Basics - General R

Directory


I’m going to assume you already installed R and possibly using Rstudio as an IDE (as I am throughout this document).

Many times you’ll set each project in its own directory to simplify matters, in Rstudio it’s very easy to create a project and set the directory for that project when you use the dropdown File menu item and create project.

Working directory

Many times you might have to import a data file from another directory, or for whatever other reason you need to know which directory are you actually in at the moment.

getwd

setwd

Self-explanatory:

  • one will get you the working directory
  • one will set the wd for you
getwd()
[1] "D:/yourdataiq/datawr/rfordata"
#setwd("....blah...")

Packages


You’ll make use of numerous packages in R. Of course R comes with many base functions but as an analyst you’ll need access to many more than the basics.

install

As you write scripts in separate files you might need to reference a new package. I like to keep all my packages in one file not spread out all over the individual files.
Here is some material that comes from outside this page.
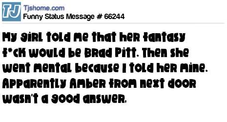 X My girl told me that her fantasy f*ck would be Brad Pitt. Then she went mental because I told her mine. Apparently Amber from next door wasn't a good answer,

Here is a line to use for installing a package if needed

if(!require('dplyr')) {
      install.packages('dplyr')
      library('dplyr')
}
Loading required package: dplyr

Attaching package: 'dplyr'
The following objects are masked from 'package:stats':

    filter, lag
The following objects are masked from 'package:base':

    intersect, setdiff, setequal, union

or if you simply want to install a package

install.packages("lubridate")
library(lubridate)

General


~

Tilde operator is used to define the relationship between dependent variable and independent variables in a statistical model formula. The variable on the left-hand side of tilde operator is the dependent variable and the variable(s) on the right-hand side of tilde operator is/are called the independent variable(s). So, tilde operator helps to define that dependent variable depends on the independent variable(s) that are on the right-hand side of tilde operator. (retrieved from tutorialspoint.com)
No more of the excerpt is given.